Così come già annunciato, Apple ha deciso di rimborsare quelle famiglie inciampate nello scandalo degli acquisti in-app su App Store: i figli, del tutto ignari del reale funzionamento di videogiochi e altri servizi, hanno speso migliaia di euro in funzioni aggiuntive per le loro applicazioni. Saranno 32 i milioni di dollari che Cupertino è disposta a rimborsare, su suggerimento della FTC, ma è davvero tutta colpa della mela morsicata?
A tentare di rispondere a questa domanda ci pensa il Guardian, con una lunghissima disamina delle responsabilità. E le colpe per gli incauti acquisti naturalmente non ricadrebbero soltanto su Cupertino, bensì anche sui genitori e gli stessi developer. Quel che Apple sta per fare, ovvero rimborsare somme ingenti di denaro pagandole di tasca propria e senza rivalersi sugli sviluppatori, appare quindi come una sorta di favore. O, da un altro punto di vista, come una prova di correttezza da sfruttare sapientemente sui media.
Si parta proprio da Apple: la sua posizione in questa vicenda è scomoda perché, pur non essendo direttamente responsabile né delle decisioni dei developer né tantomeno della gestione dei bambini da parte dei genitori, non ha provveduto tempestivamente con una comunicazione esaustiva. Solo dopo l’emersione dello scandalo – ovvero quando centinaia di famiglie si sono ritrovate con l’accredito di ingenti somme sulla carta di credito – la Mela è passata attivamente all’azione. Ha introdotto nuove indicazioni su iTunes e App Store per sottolineare come certi software prevedano l’acquisto in-app e ha reso più stringente l’uso delle password, affinché vengano richieste a ogni tentativo di vendita.

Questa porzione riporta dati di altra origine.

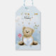 Mignonne Ours Teddy tenant un coeur sur un nuage bleu avec des étoiles. Texte personnalisable devant et derrière. Choix de la chaîne.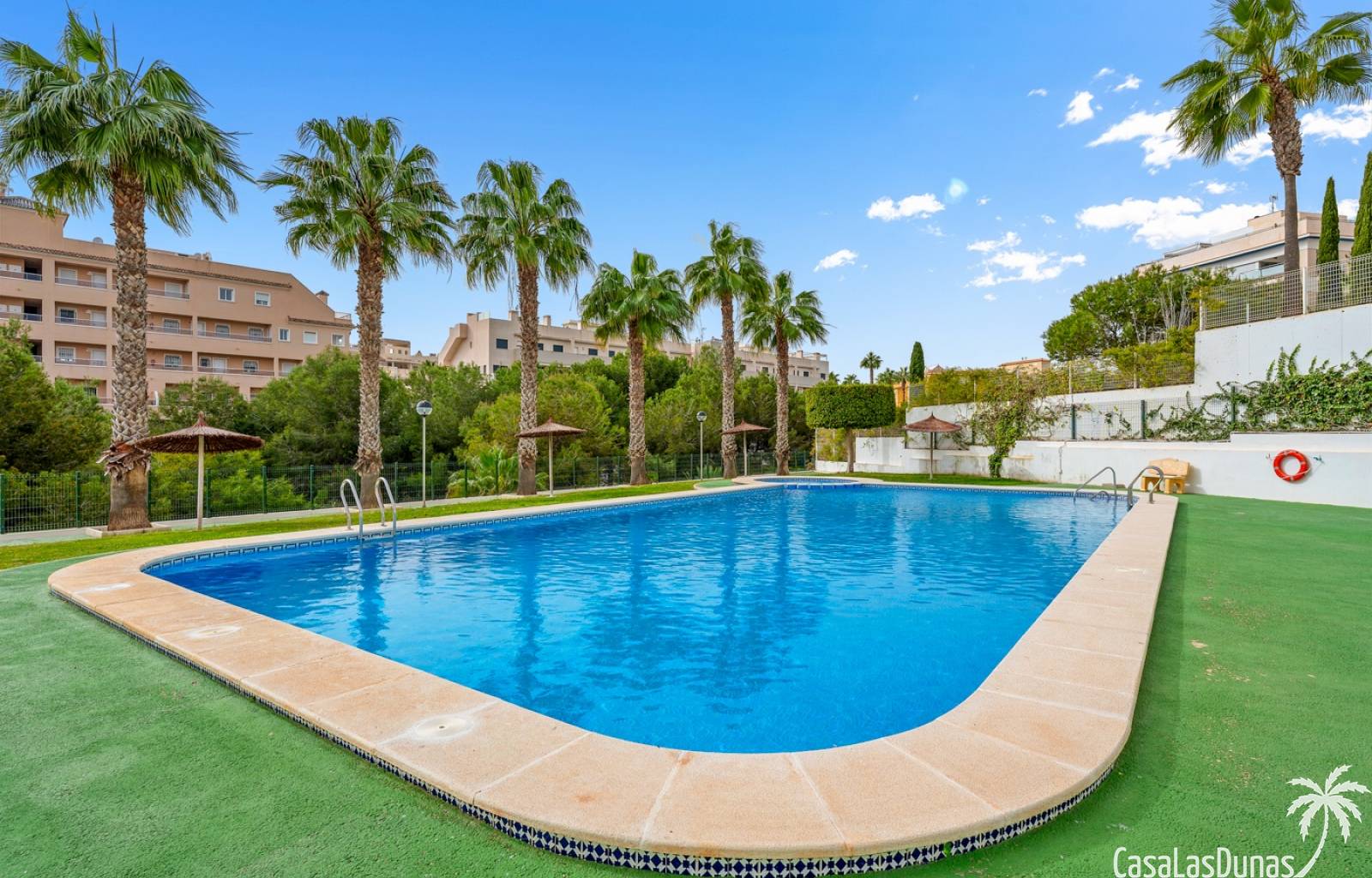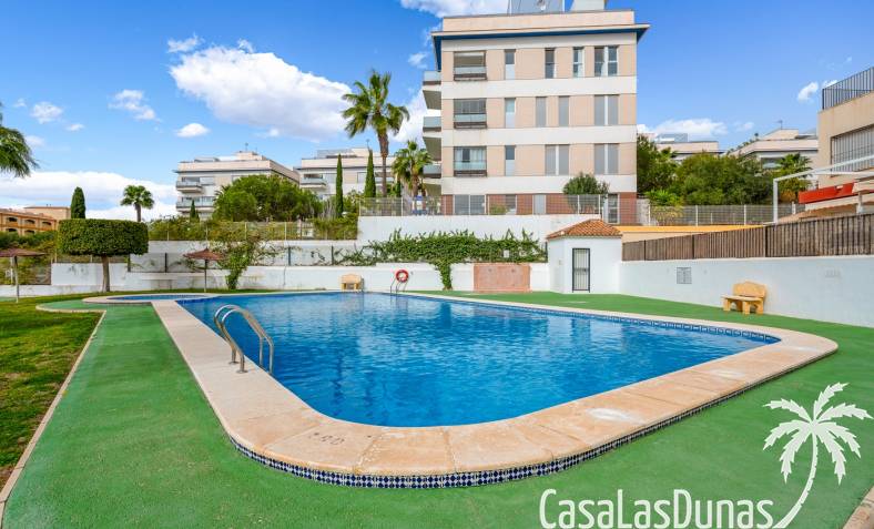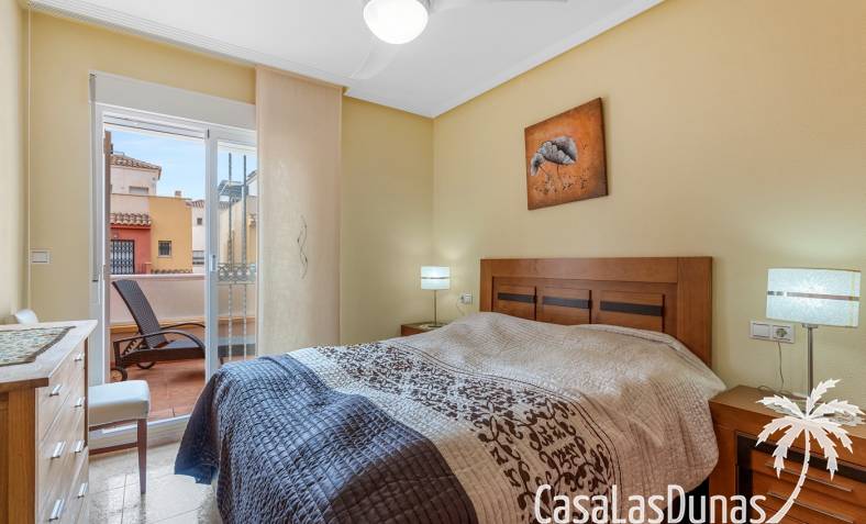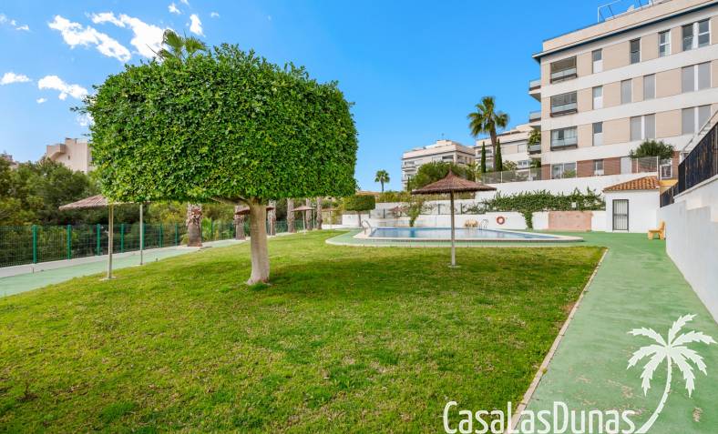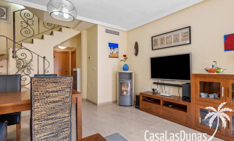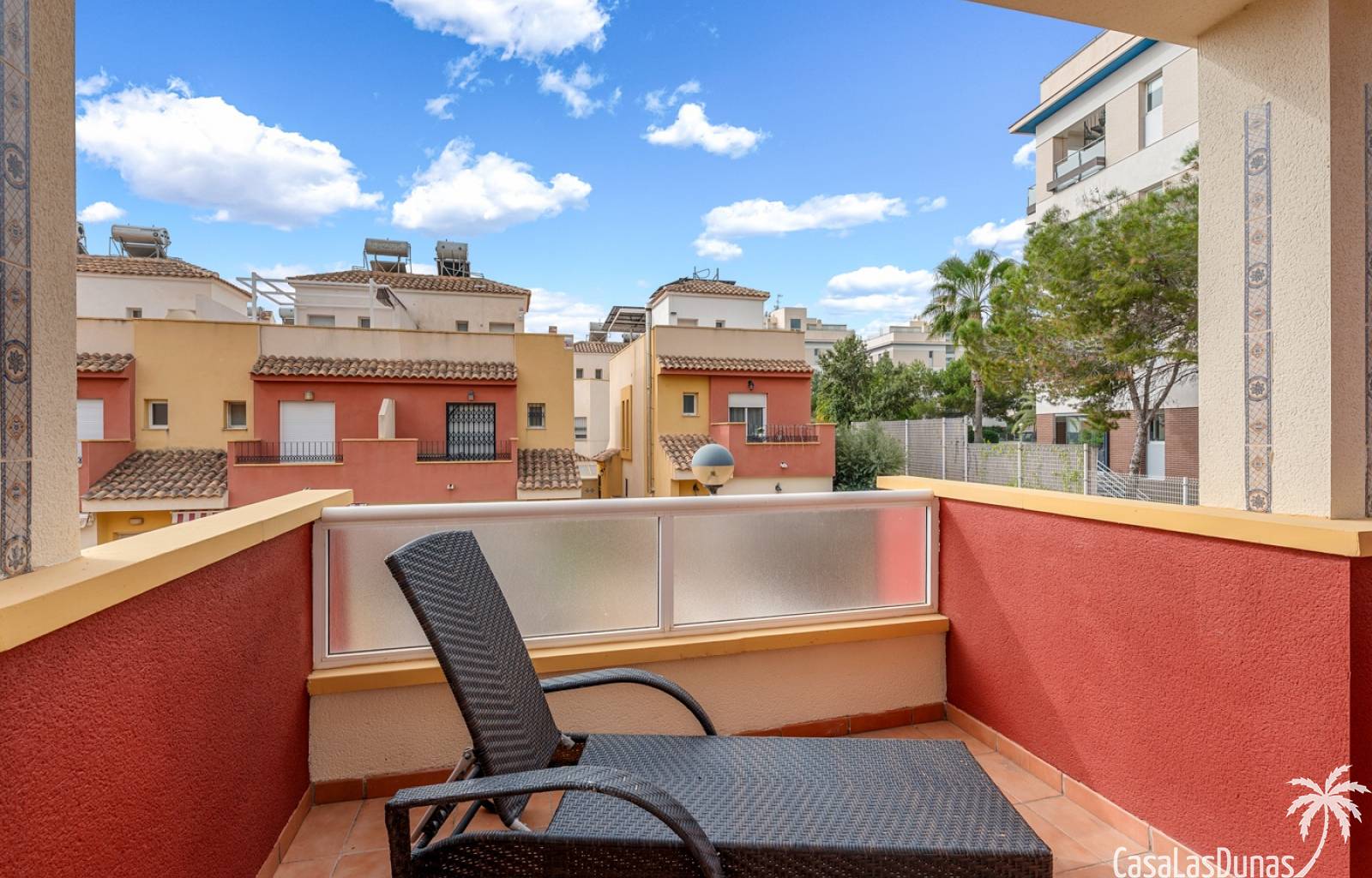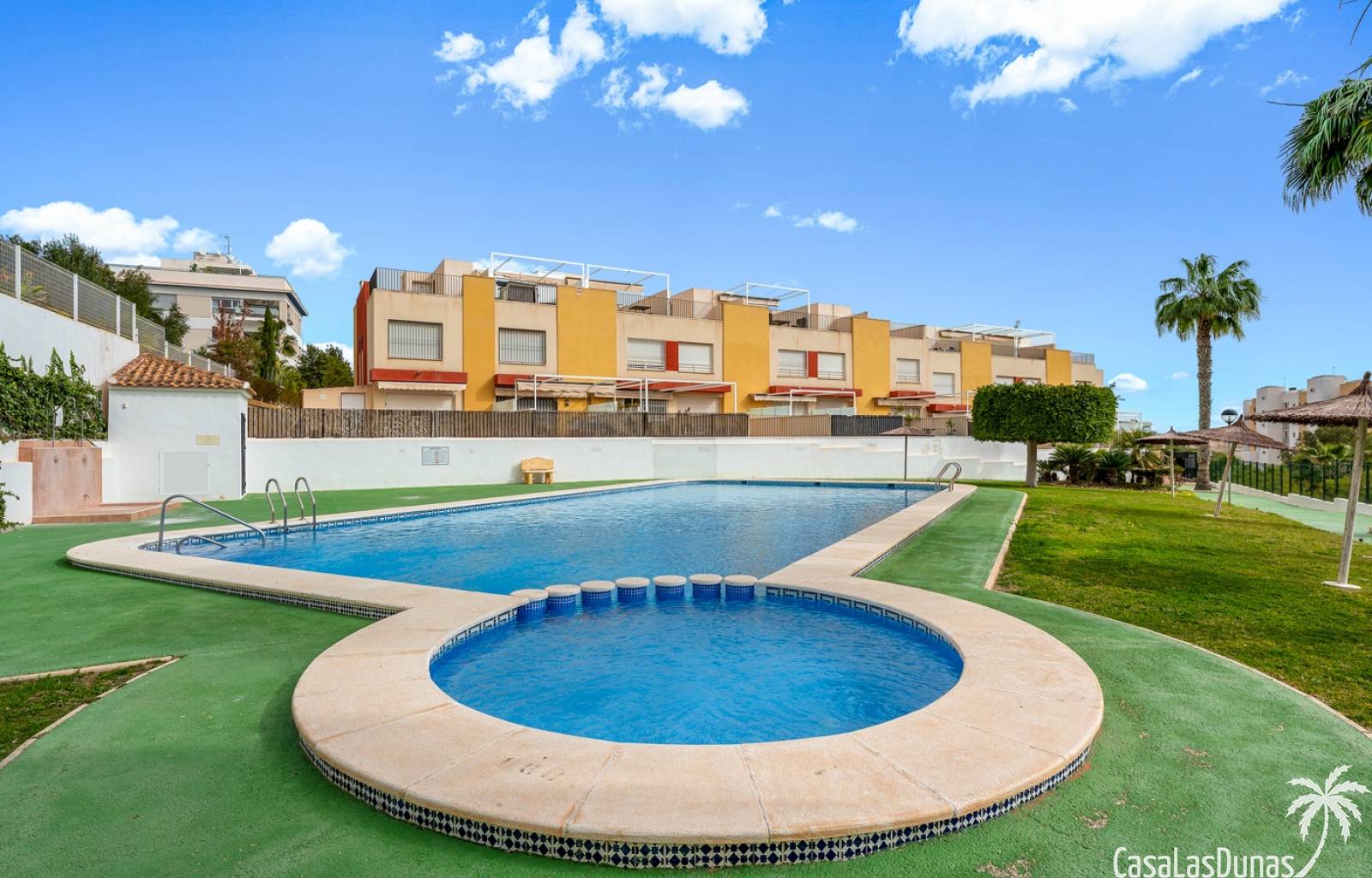 La propiedad forma parte de una urbanización cerrada con acceso a una hermosa piscina comunitaria, ideal para disfrutar del cálido clima mediterráneo.

Non sono però esenti i developer. Senza voler citare nessun episodio in particolare perché l’universo di App Store è composto per la gran parte di sviluppatori leali, non si può dire che non esista chi ne ha approfittato. Molti videogiochi dedicati ai più piccoli, infatti, inducono di continuo all’acquisto di funzioni aggiuntive – per comprare nuovi accessori a un cucciolo virtuale, per superare facilmente un livello complesso, per accedere a sezioni speciali del gameplay – e il bambino, poco in grado di comprendere cosa stia facendo, acconsente di continuo alla compravendita.
Non sono da meno i genitori, forse coloro su cui pesano le maggiori responsabilità, ma anche l’ovvia presunzione di innocenza. È impensabile consegnare un iPhone o un iPad nelle mani di un minore, magari di tenerissima età, senza che vi sia un’adeguata supervisione. È vero: in App Store non vi sono contenuti hard, il rispetto per i più piccoli da parte di Apple è degno d’elogio. Ma è anche vero come una funzione legittima come gli acquisti in-app, più che gestibili da un adulto, non possa essere limitata solamente perché il genitore non ha il tempo, o il desiderio, di occuparsi adeguatamente del proprio pargolo. Con iOS 7 è ora possibile bloccare di default tali acquisti, per la sicurezza di tutti. Ma passare un’ora davanti al tablet in compagnia del bambino, per istruirlo alla responsabilità durante il gioco, non è forse meglio che abbandonarlo sul divano solo con un iPhone?